Schrotschusskrankheit





Eine Schrotflinte streut bekanntlich sehr, sodass das Ziel mit vielen kleinen Löchern durchsiebt ist. Ähnlich verhält sich dies auch bei der Schrotschusskrankheit, wobei das Ziel hierbei die Blätter der betroffenen Pflanze sind. Zu diesen Pflanzen gehören insbesondere Kirschen, Pflaumen und Zwetschgen.

Die Schrotschusskrankheit arbeitet sich grundsätzlich in zwei Schritten fort. Im ersten sind auf den Blättern zunächst rötlich-braune Flecken zu erkennen, welche dann im zweiten Schritt ausfallen und die bekannten Löcher entstehen lassen. Dies führt dazu, dass die Blätter kurz danach abfallen.

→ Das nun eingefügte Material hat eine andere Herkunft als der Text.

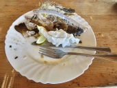 Nocleh v Novi Vinodolski na kraji města jen na přespání €90 (postel v hostelu ve společném pokoji by byla za €60), ryblja juha (rybí polévka) byla jen teplá voda s odérem ryby.

Der Auslöser für die Schrotschusskrankheit ist ein Pilz. Übertragen wird dieser - wie viele andere Pilzarten auch - über den Wind und den Regen. Herrscht eine auffällig hohe Luftfeuchtigkeit, wird die Entstehung dieses Pilzes begünstigt. Besonders tückisch ist dabei die Tatsache, dass der Pilz sowohl im Baum - innerhalb der erkrankten Früchte - überwintern kann, als auch auf dem Laub, welches auf dem Boden vorzufinden ist.

Um die eigenen Pflanzen vor der Schrotschusskrankheit zu schützen, sollte regelmäßig gedüngt werden. Ebenso ist ausreichendes Mulchen und großzügiges Wässern wichtig, um den Baum bestmöglich beim Wachstum zu unterstützen.

Ist bereits eine der anfangs genannten Pflanzen von der Schrotschusskrankheit betroffen, sollten Sie darauf achten, das von dem Pilz erkrankte Laub sowie die erkrankten Früchte wegzuschneiden, um eine weitere Ausbreitung zu verhindern.